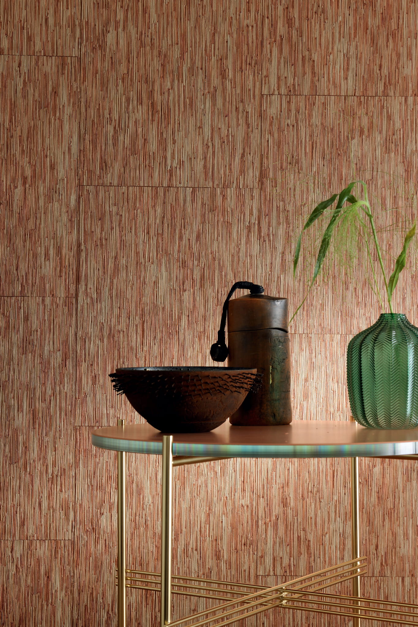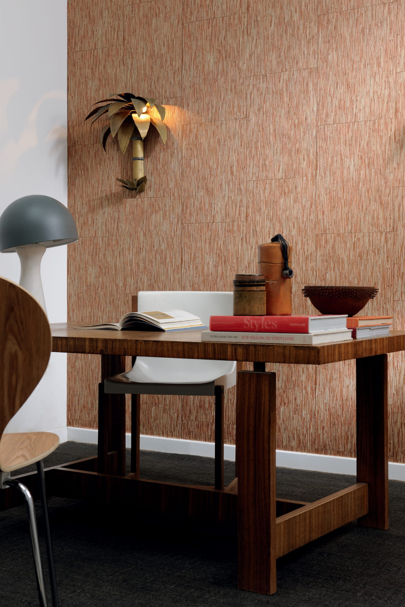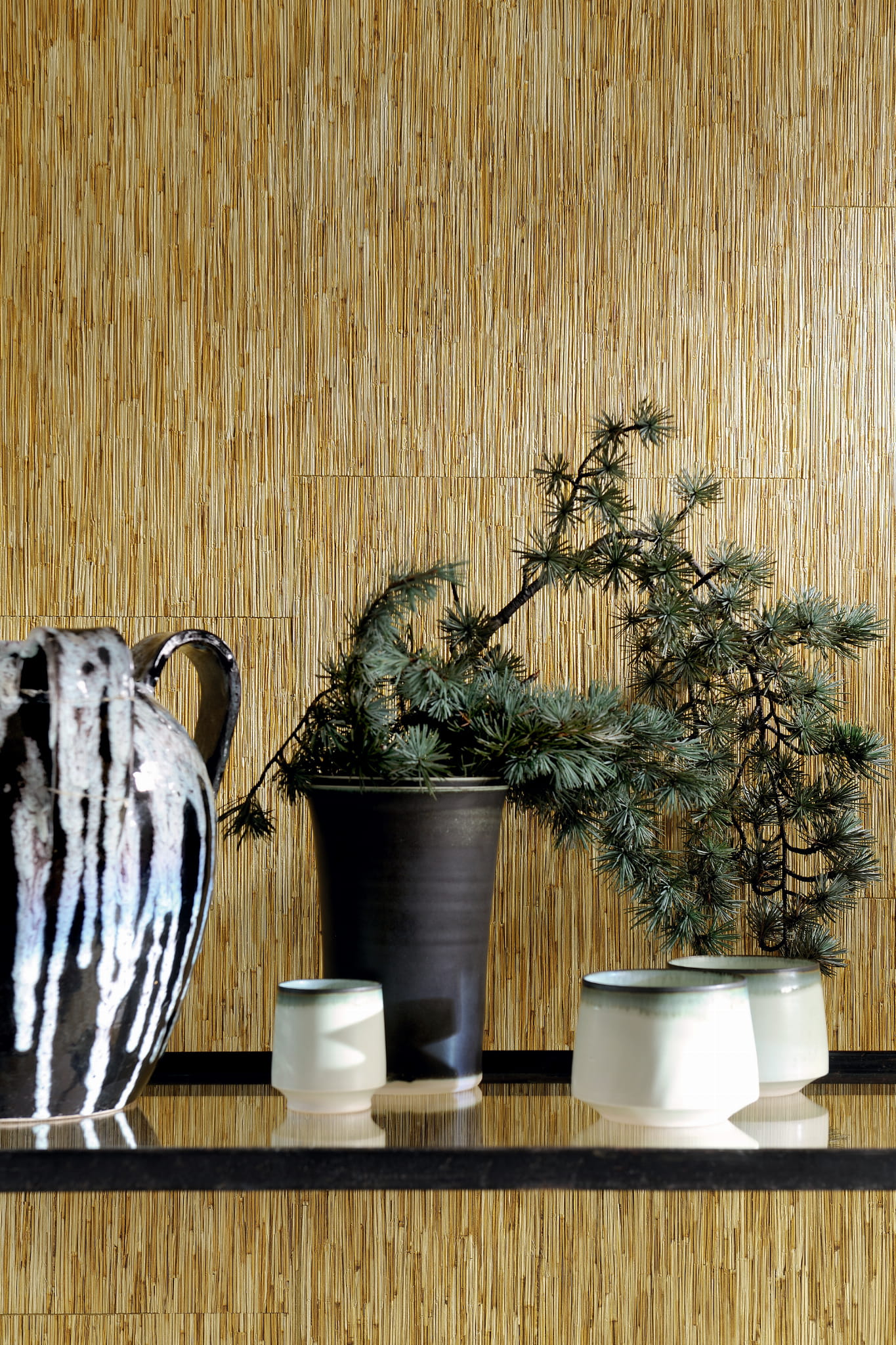 Faktura wręcz wyrafinowana, dwukolorowa słomka o bardzo naturalnym efekcie. Tapeta występuje również w wersji z zatopionymi drobinkami metali, co działa magicznie z grą światła, tworząc efekt wypukły, połyskujący wręcz opalizujący.
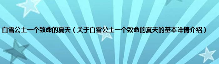 本文关于白雪公主一个致命的夏天的基本详情介绍就讲解完毕,希望对大家有所帮助。
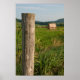 Le charmant Rural Farm Fence Post et Hay Bales Poster Print présente une photo de campagne d'un poteau de clôture en bois patiné et des rouleaux de foin dans un champ situé dans l'Illinois rural en dehors de Galena. Cette affiche rustique est un cadeau unique et réfléchi pour les amoureux de la ferme ou de la campagne.
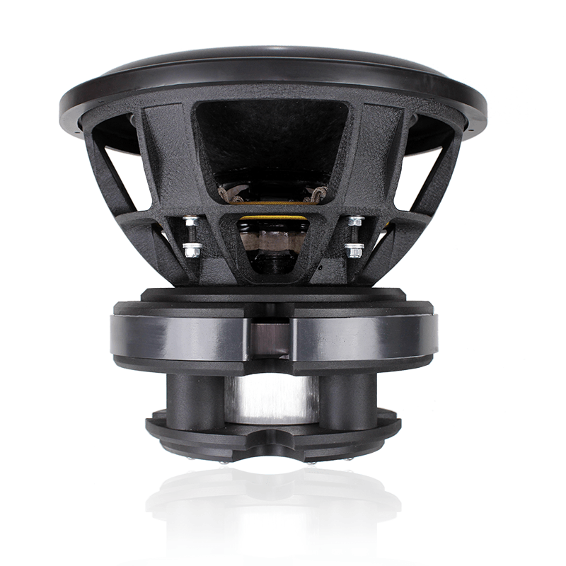 “BP” option which was a machined aluminum compression plug to the pole which helps channel all of the air under the dustcap around the coil for better cooling. To aid with this increased airflow we also added 6 axial cooling channels in the top plate. Along with increased thermal capacity comes the addition of an extra spider and a changed spider pack. All of these features increase power handling from 200-500 Watts depending on the application.
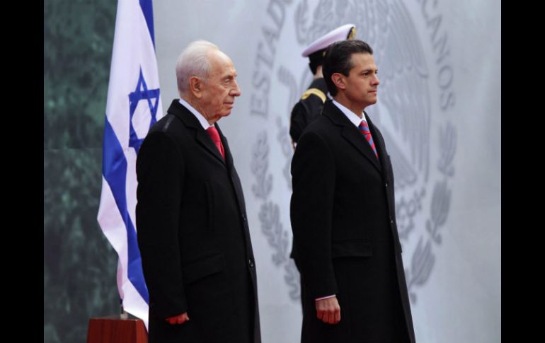 México | Shimon Peres está en México para realizar una visita de Estado Peña Nieto recibe al presidente de Israel En la breve ceremonia, los presidentes presentaron sus respectivas comitivas y pasaron revista a la guardia de honor Por: NTX 27 de noviembre de 2013 - 10:24 hs CIUDAD DE MÉXICO (27/NOV/2013).- El Presidente Enrique Peña Nieto encabezó la ceremonia oficial de bienvenida a su homólogo de Israel, Shimon Peres, quien llegó a México la víspera para realizar una visita de Estado. En la explanada Francisco I. Madero de la residencia oficial de Los Pinos, los mandatarios de México e Israel, acompañados por sus respectivas comitivas, presenciaron el acto protocolario con alfombra roja, que duró unos 20 minutos, en donde se entonaron los himnos de ambos países. En la breve ceremonia, los presidentes presentaron sus respectivas comitivas y pasaron revista a la guardia de honor, para después sostener una reunión bilateral que se estima durará una hora. Al término de la misma, Peña Nieto y Peres tendrán una reunión ampliada con sus respectivas comitivas y después ofrecerán un mensaje conjunto en el salón Adolfo López Mateos. Shimon Peres llegó a la Ciudad de México la tarde del martes acompañado por empresarios y directivos de 80 empresas líderes en materia de seguridad, cibernética, tecnología, comunicación, agua y energía. En el acto estuvieron presentes los secretarios de Relaciones Exteriores, José Antonio Meade, y de Economía, Ildefonso Guajardo, entre otros. Se tiene previsto que el Presidente Peña Nieto y su esposa, Angélica Rivera, ofrezcan al invitado una cena en su honor en Palacio Nacional, donde ambos jefes de Estado dirigirían un mensaje. Por la tarde, Shimon Peres se reunirá con el empresario Carlos Slim y con un grupo de empresarios israelíes. Temas Gobierno de México Enrique Peña Nieto Shimon Peres Israel Lee También Lanzan convocatoria a colectivos de búsqueda para participar en proceso de inhumación y exhumación Detienen a presunto autor intelectual del asesinato de líder limonero en Apatzingán Este será el costo del Gas Bienestar en CDMX en la semana del 20 al 25 de octubre Jalisco y 'Te Protejo México' firman acuerdo para fortalecer la ciberseguridad infantil y de adolescentes Recibe las últimas noticias en tu e-mail Todo lo que necesitas saber para comenzar tu día Registrarse implica aceptar los Términos y Condiciones
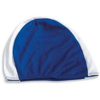 - Bonnet de natation en tissu bicolore en polyester extensible.
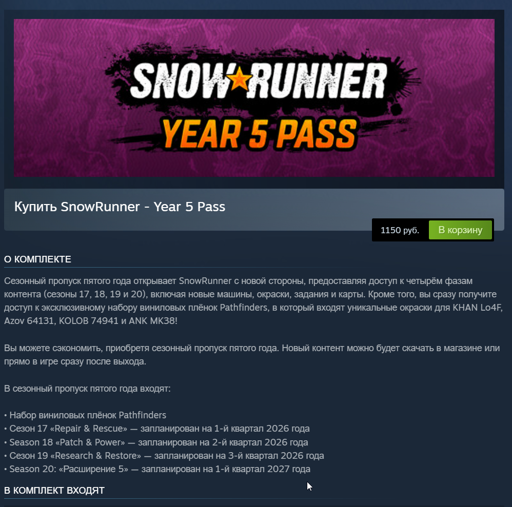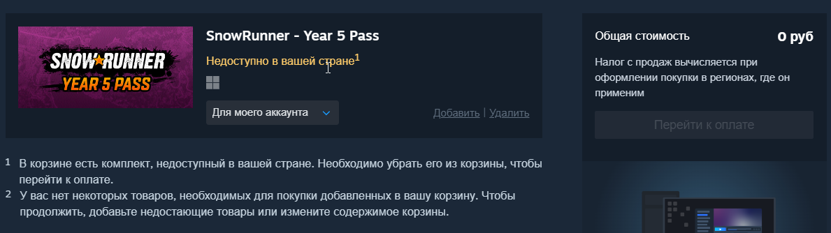 >>50167776 Кодик можно взять там, где ими торгуют, а все ДЛЦ продаются прямо в стиме по прямым линкам без всяких КВНов. https://store.steampowered.com/app/2154174/SnowRunner__Season_12_Public_Energy/ - например так. Там вскукареки от правообладателей вражеских марок были, потому и убрали с региона, анон выше сечёт тему верно. Так-то вся хуйня обходится за пару кликов.
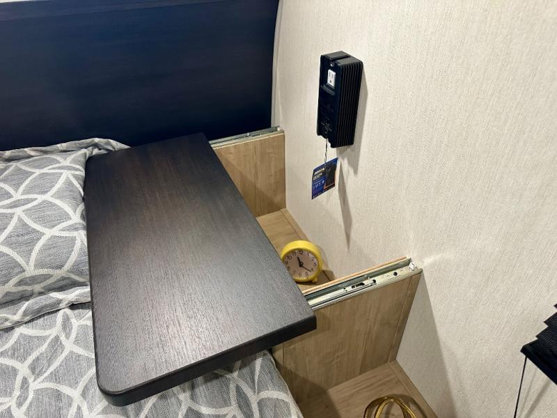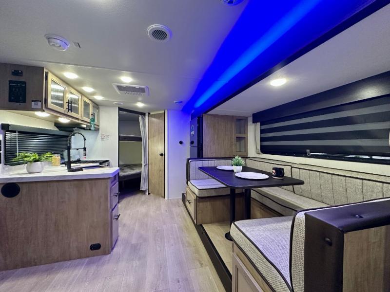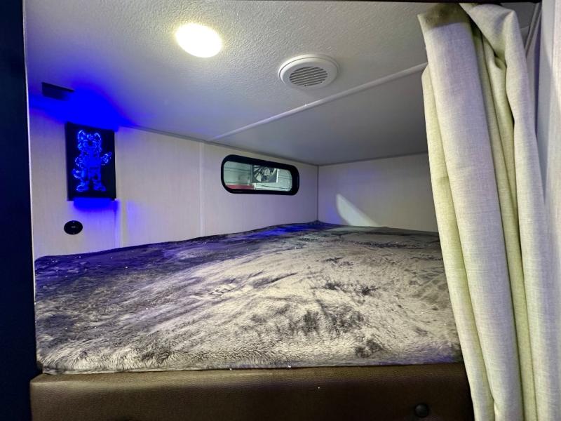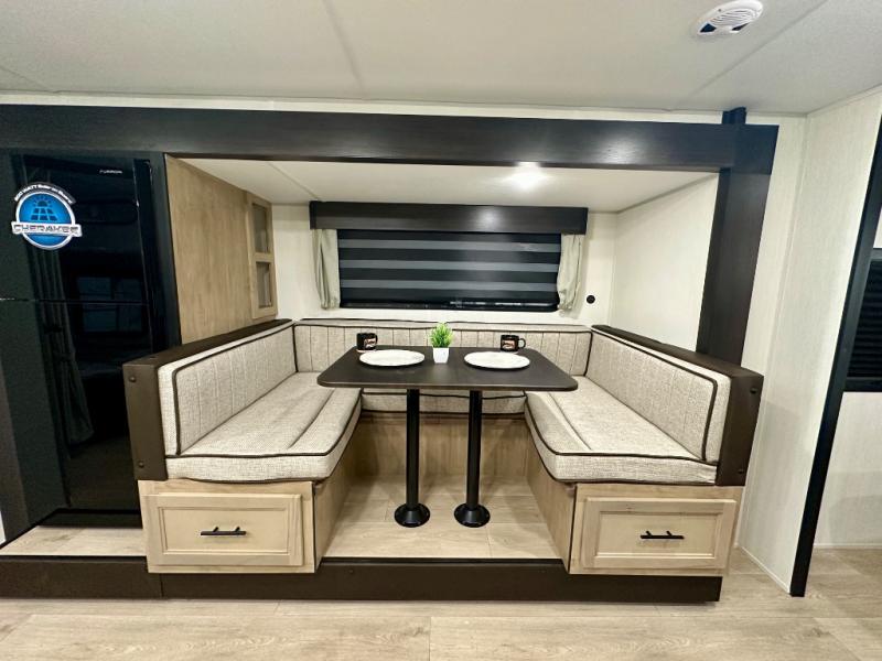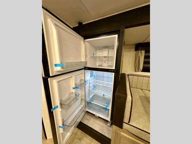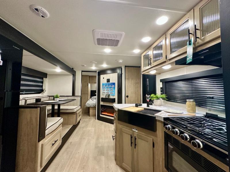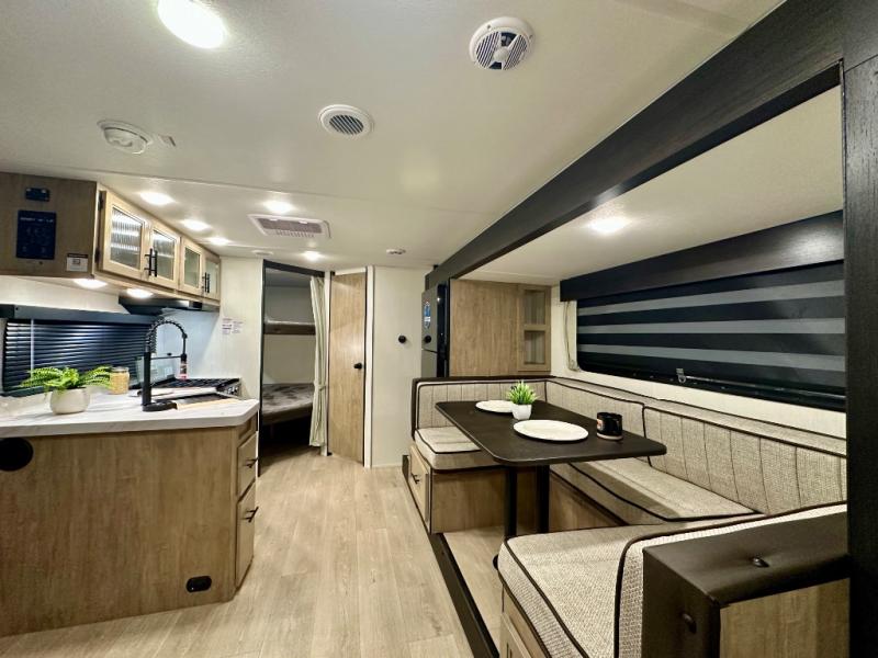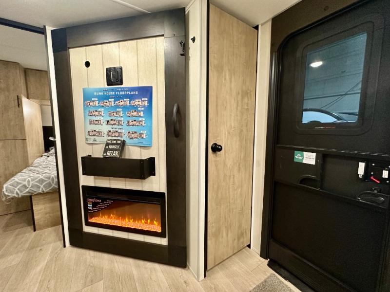 Enjoy time at the campground in this spacious travel trailer with a front private bedroom and double-size bunks for guests! The full interior kitchen and outside kitchen will let you make meals each day, and everyone can dine around the U-shaped dinette or under the 15' awning outside! This unit also includes ample storage space, including hidden shelves behind the fireplace and outside storage!

_ _ _

● EXERCISE PROMPT
Retype the entries above exactly. Stop after the line containing "本文关于白雪公主一个致命的夏天的基本详情介绍就讲解完毕,希望对大家有所帮助。", and omit the pictures.

● FINISHED EXERCISE
 Faktura wręcz wyrafinowana, dwukolorowa słomka o bardzo naturalnym efekcie. Tapeta występuje również w wersji z zatopionymi drobinkami metali, co działa magicznie z grą światła, tworząc efekt wypukły, połyskujący wręcz opalizujący.
 本文关于白雪公主一个致命的夏天的基本详情介绍就讲解完毕,希望对大家有所帮助。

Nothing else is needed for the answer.